I'd like to assure everyone that the breakage was not intentional.  We're all 
just doing our best to make things work here and unfortunately somethings 
things still break.  Of course it's better when things don't break, but there's 
always a risk of breaking something whenever a change is introduced.  In this 
case we were testing against BBL, it just turns out that the Linux 
configuration that everyone was testing didn't trigger the bug before the patch 
got merged.

As far as I understand it this is what the merge window / RC process was 
designed for: during the merge window we accept changes that are then 
stabilized over the course of the RCs.  It's better to not rely on that safety 
net, but in this case it did work.

> Ideal situation would be gated repository with CI in front that locks
> out changes that regress any of a suite of tests run against the open
> source tools (and now simulation of the underlying open source chip and
> its firmware), core libraries and the kernel.
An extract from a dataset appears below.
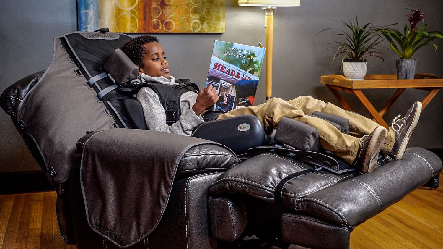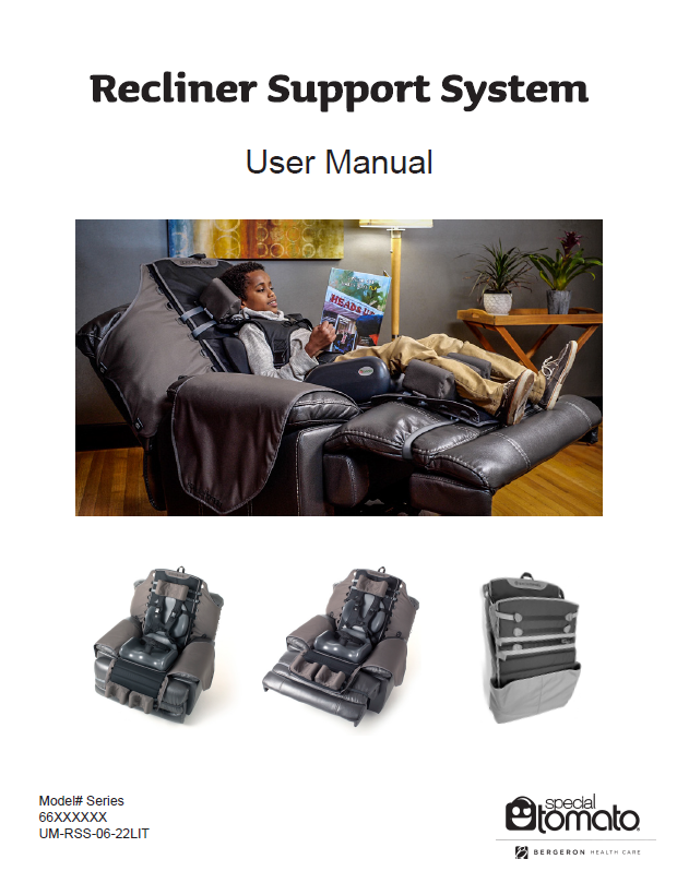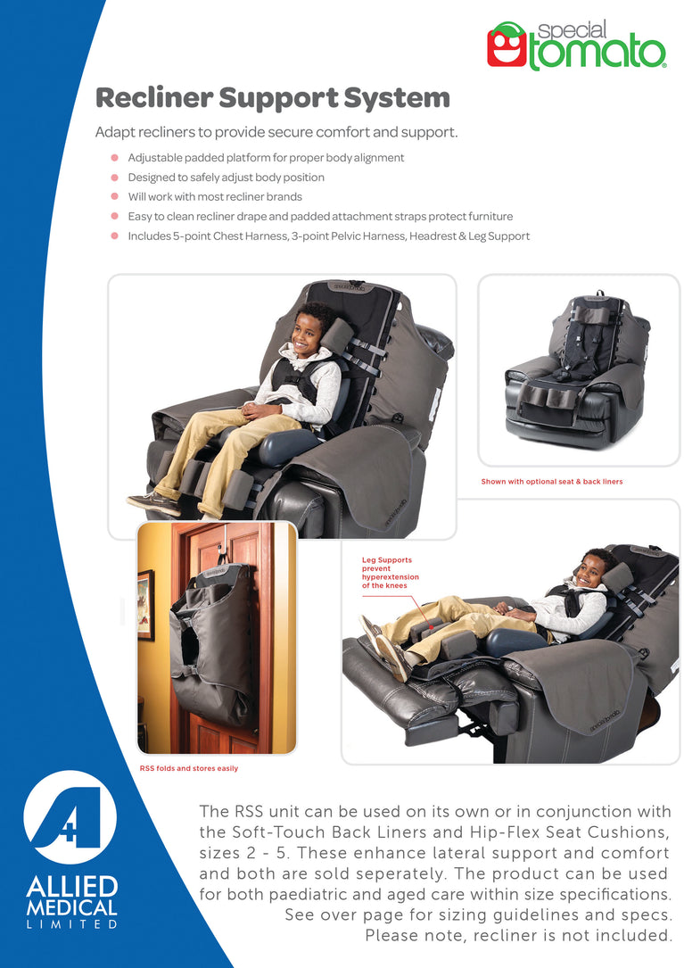 The Special Tomato Recliner Support System (RSS) comes with an adjustable 5-point chest harness and 3-point pelvic harness to safely maintain a stable well-aligned position of the trunk and pelvis. The RSS offers a firm yet comfortable platform for positioning the hips and pelvis for proper body alignment. The adjustable height headrest promotes a midline position of the head and the leg supports with height and lateral adjustability to cradle lower extremities in neutral alignment and discourage hyperextension of knees. The easy to clean drape is secured with four padded straps to protect furniture and will work with most recliner brands.

I am aware that some of
> the breakages are deliberate based on traces in GitHub issues, and
> artifacts in the git history. This century's beginning is marked by the
> ubiquity of CI, well, certainly the last decade, so I see no reason why
> it should not be applied here, as these changes would not have made it
> into a project that has CI.
>
> Twerps. They need a punch. Not a gut punch. Just a friendly but firm

Please keep things civil.  So far I've been able to get away without properly 
reading the code of conduct and I'd like to keep it that way if possible :)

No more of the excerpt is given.